Exploring more of Germany

Another week has flown by and I can’t believe we’re already almost halfway through the program. This week, aside from my internship, I went to a lot of new places and explored more of Germany. On Tuesday, our program manager in Berlin, Britta, and the rest of the group got together at a really cool place not far from our hotel. It was an outdoor restaurant called Cafe am Neuen See, and it was right by the water in the middle of a park. There are a few students from other colleges that are also doing the same program, so it was nice to get to know them better too.

My internship has gotten much better this week. I’ve had more tasks to do and I now have more of a plan for what I’ll be doing for the rest of my time there. Most of the work I’ve been doing has been surrounding the impact that artificial intelligence will have on consulting companies, particularly compensation benchmarking firms like Vencon. I’ve also still been spending time in other departments and learning more about what they do, which has been interesting. There hasn’t been much in my internship or in general that has been too hard to adapt to. The only thing that has been an adjustment is how long it takes to get places. The trains and buses are so easy to use, but Berlin is so wide spread that most places we go require a pretty long commute compared to what I’m used to at home. My commute to work is about an hour each way, which is a lot more than most places I would go to at home. However, it makes it a lot easier that I don’t have to be at the office until 10 each day. I was most concerned about the language barrier, but there have been few situations where it has been a problem. Berlin is such an international city that there hasn’t been anything that has been an overwhelming culture shock. I expected that the language barrier would be more of an obstacle in other parts of the country, but even in Hamburg, everyone we encountered spoke English.

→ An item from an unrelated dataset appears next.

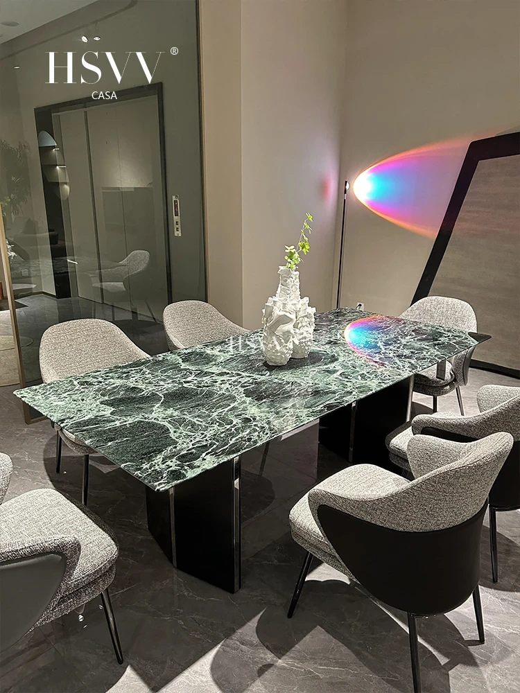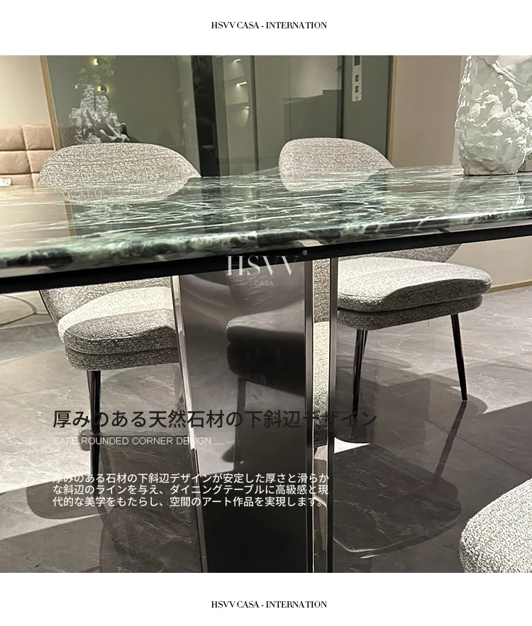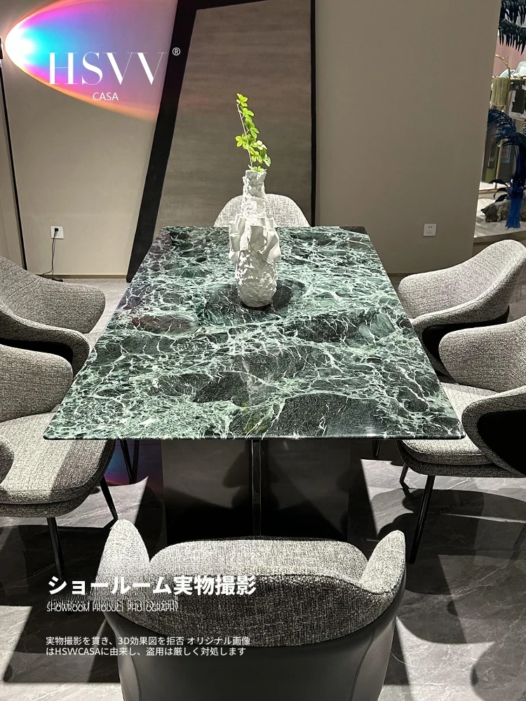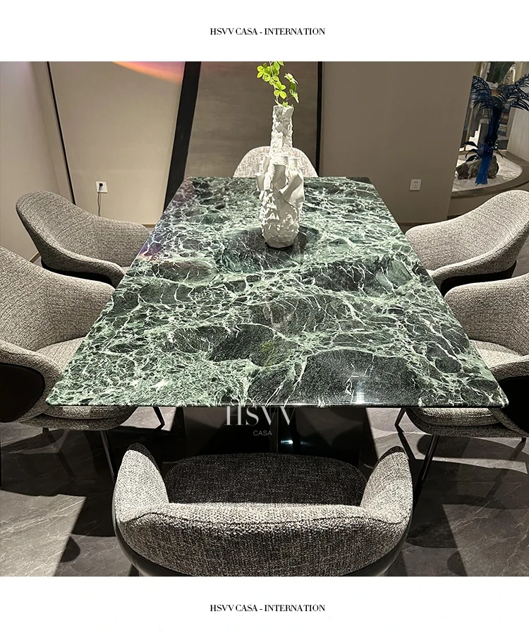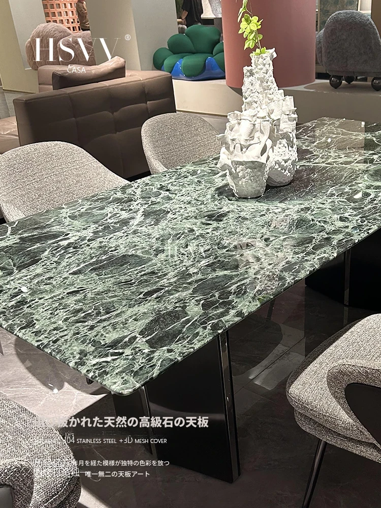 プラダグリーン天然石製ダイニングテーブル - デザイナーが手掛けた長方形の高級家用テーブル・椅子セット、洗練された大平層や別荘に最適!

Over the weekend, I took a trip to Hamburg, which was about a 2 hour train ride from Berlin. Our train ride was quite an experience because we weren’t aware of how the seat reservations worked. We didn’t reserve specific seats with our tickets because it was more expensive and we didn’t think we had to. However, the train was extremely crowded and almost all of the seats were reserved. Above each seat, there’s a small screen that says from which stations the seat is reserved for, but we didn’t even notice the screens. We sat in whatever empty seats we could find and quickly got kicked out by the people who had them reserved, so I’m glad we know how the seating works for future trips. We got there Saturday morning and left Sunday night, so we had two full days to explore Hamburg, but I wish we could have stayed longer because I absolutely loved it. When we got there, we got breakfast and then visited Saint Michael’s Church, the most famous church in Hamburg. We were able to go all the way to the top to see a panoramic view of the city, and also in the crypt in the basement of the church. Behind the church, we walked through Krameramtsstuben, which are some of the oldest surviving residential buildings in Hamburg that survived bomb raids in World War II. There is a restaurant and a few small shops, which are in this cover picture. After that, we walked around the harbor and saw the Elbphilharmonie concert hall that was recently built right on the water. The building was beautiful and so much bigger than I expected. We then walked through Speicherstadt, the world’s largest warehouse district and looked around the city center. We got dinner at a cute restaurant and then got ice cream and sat by the water for the rest of the night. On Sunday, we spent most of the day walking along the lake and hanging out by the water, and then got dinner at a different restaurant on the water. Hamburg was a completely different vibe from Berlin. Hamburg’s architecture and location on the water as a port city gave it a completely different feeling from Berlin. Berlin also seems much more laid back and alternative than Hamburg, which was interesting to experience. Next weekend, we are going to Munich, so I’m really excited to see how it compares to Berlin and Hamburg.